Respondent and the AOC. The parties agreed that the AOC should be invited to participate in a further preliminary conference which was to take place at 5 p.m. that day.

At 5 p.m. on 1 February 2002, a second preliminary conference was convened by the Panel.

The AOC advised the Panel that it had advised the Salt Lake Organising Committee (SLOC) of the appeal proceedings and that the final entry time in respect of members of the team would be at the time of the team captain‟s meeting which was to occur in Salt Lake City on 4 February 2002. In view of this deadline the court with the agreement of the Appellant and the Respondent fixed the hearing of the appeal for 2 p.m. on Saturday, February 2, 2002. In addition, in view of the urgency of the matter, this statement of the circumstance of the proceedings is necessarily brief.

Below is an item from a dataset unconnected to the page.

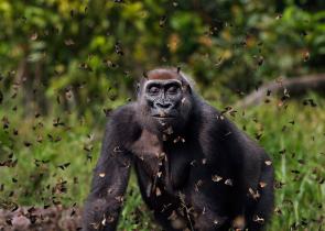 Ένα γορίλας , ο Μαλούι, περπατάει μέσα από ένα σύννεφο πεταλούδων στο Bai Hokou, ένα ειδικό δασικό καταφύγιο Dzanga Sangha στην Κεντροαφρικανική Δημοκ...

At the commencement of the hearing the parties signed an Order of Procedure confirming the jurisdiction of CAS and the Panel to determine the appeal in accordance with the Code of Sports- Related Arbitration.

LAW

1. The Appellant has made an application to join the AOC as a party to these proceedings. The application is informal in nature but we attach no present significance to that lack of formality. Likewise we assume for present purposes that we have the power to entertain such an application, although we have been unable to find an express provision to that effect in the provisions of the Code of Sports-related Arbitration.

2. We regard the application as one we cannot accede to, for the following reasons. First, these proceedings are an appeal from a decision of the Respondent not to nominate the Appellant to the AOC for selection.

3. Secondly, the AOC was not a party to the decision of the Respondent not to nominate the Appellant for selection.

4. Thirdly, the sole ground of appeal is whether the Respondent properly followed and implemented the nomination criteria.

5. Therefore, in these proceedings, the AOC is neither a necessary nor appropriate party.

6. Further, the application to join the AOC relates to an alleged failure by the AOC to „select‟ the Appellant and seeks to invoke the provisions of clauses 7.3 and/or 10.3 of the Selection Agreement, which clauses, although they relate to the arbitration of disputes, do not relate to appeal proceedings.

7. We say nothing about the merits of any such contentions, except that we are firmly of the opinion that the matters sought to be raised against the AOC could only constitute a separate and distinct dispute from that in the proceedings that are currently before us.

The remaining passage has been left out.